110:7. After the dramatic action of the rest of the psalm, this last verse presents a curious conclusion. What is the significance of the warrior King “drinking from the brook by the wayside” and “lifting up His head?” But when we consider this for a moment, the message of this verse is revealed to be simple and yet very profound.
Up until this point in the psalm it would be possible to see the Lord (Adonai) as only divine. The Hebrew scholar who lived under the old covenant would have understood Adonai to be God, even if he could not understand what this psalm was teaching about how the LORD (YHWH) and the Lord (Adonai) related to one another. And so, the Old Testament Hebrew would have seen Adonai as being God but would never have conceived of Adonai as also being human, and, up until 110:7, that would have been a valid understanding of the psalm. So the scholar might conclude something like, “Somehow the Lord (Adonai) is going to come at the end and is going to pour out God’s wrath on the unrighteous.”

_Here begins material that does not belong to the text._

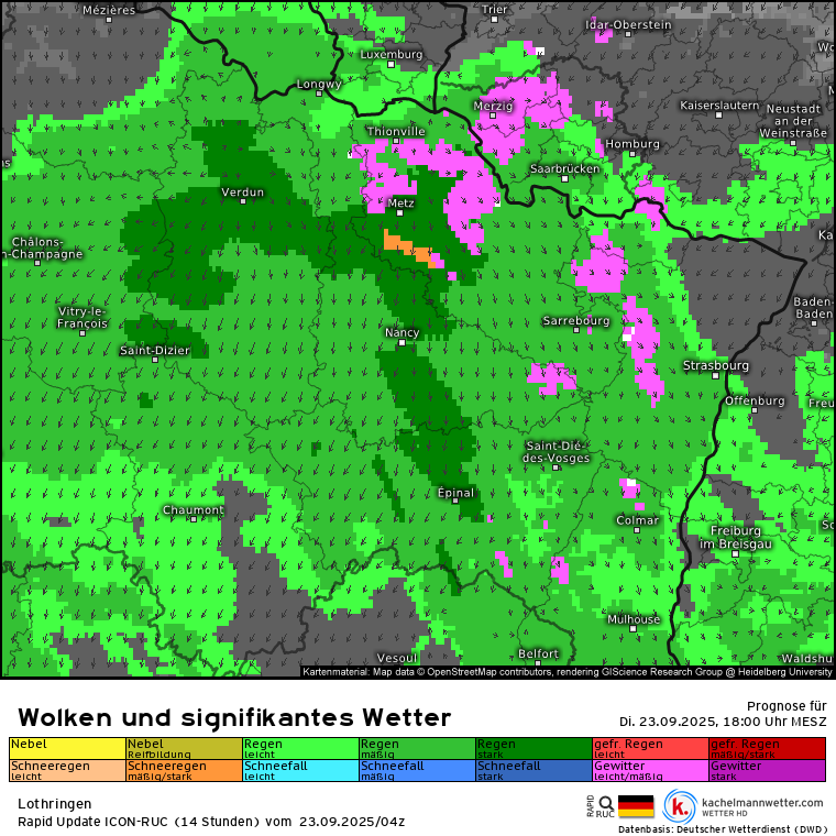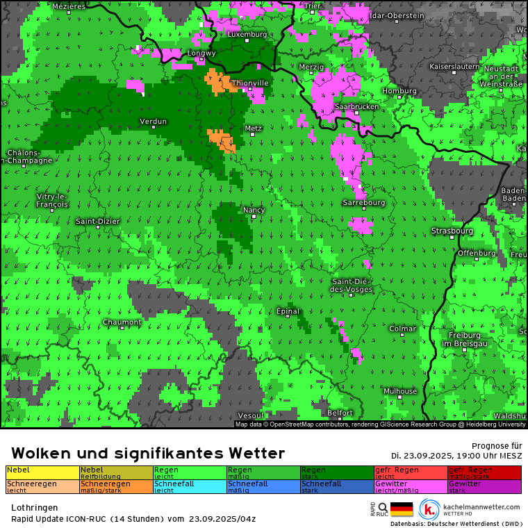 Vanochtend gaf ICON-D2 RUC even een paar plekjes met natte sneeuw voor vanavond 18 en 19 uur. Maar dat model moet duidelijk nog wat bijgeschaafd worden: de temperatuur zou in die gebieden ineens zakken naar 3 à 4 graden, wat wijst op isothermie, en daar moet je het in september toch nog niet over hebben.

But the simple words of 110:7 throw that interpretation out the window, for “He will drink from the brook by the wayside.” Observe that this “He” of 110:7 is the same “He” of 110:5 and 110:6, which we have decided must be the Lord (Adonai). But how does Adonai “drink from the brook” and “lift up His head”? These are things that humans do, but the Lord, as God, does not drink from brooks and He does not have a physical head to lift up. Or does He?
The solution to this conundrum is stunning. If the Lord (Adonai) drinks from the brook by the wayside and lifts up His head, it must mean that somehow the Lord has become a Man. Somehow the Lord, who is God and who is a priest forever according to the order of Melchizedek and who is seated at the LORD’s right hand and who will come on the last day to judge the nations; the Lord is somehow both God and Man. Yes, the Lord is both God and Man and His name is the Lord Jesus Christ.

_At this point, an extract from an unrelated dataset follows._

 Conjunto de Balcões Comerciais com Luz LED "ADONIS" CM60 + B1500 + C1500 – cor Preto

From an Old Testament mindset, Psalm 110 was a murky collection of mysteries. It was not possible for the Old Testament Hebrew to understand David’s inspired writing because God had not revealed enough in His word to untangle the knots.
But now that Christ has been revealed and has died, has been raised and has ascended, and now that God has given us His full revelation in a completed Bible, we can see that, almost a millennium before Christ appeared and at least three millennia before He returned, the Holy Spirit inspired David to give us a veiled preview of that final awesome day.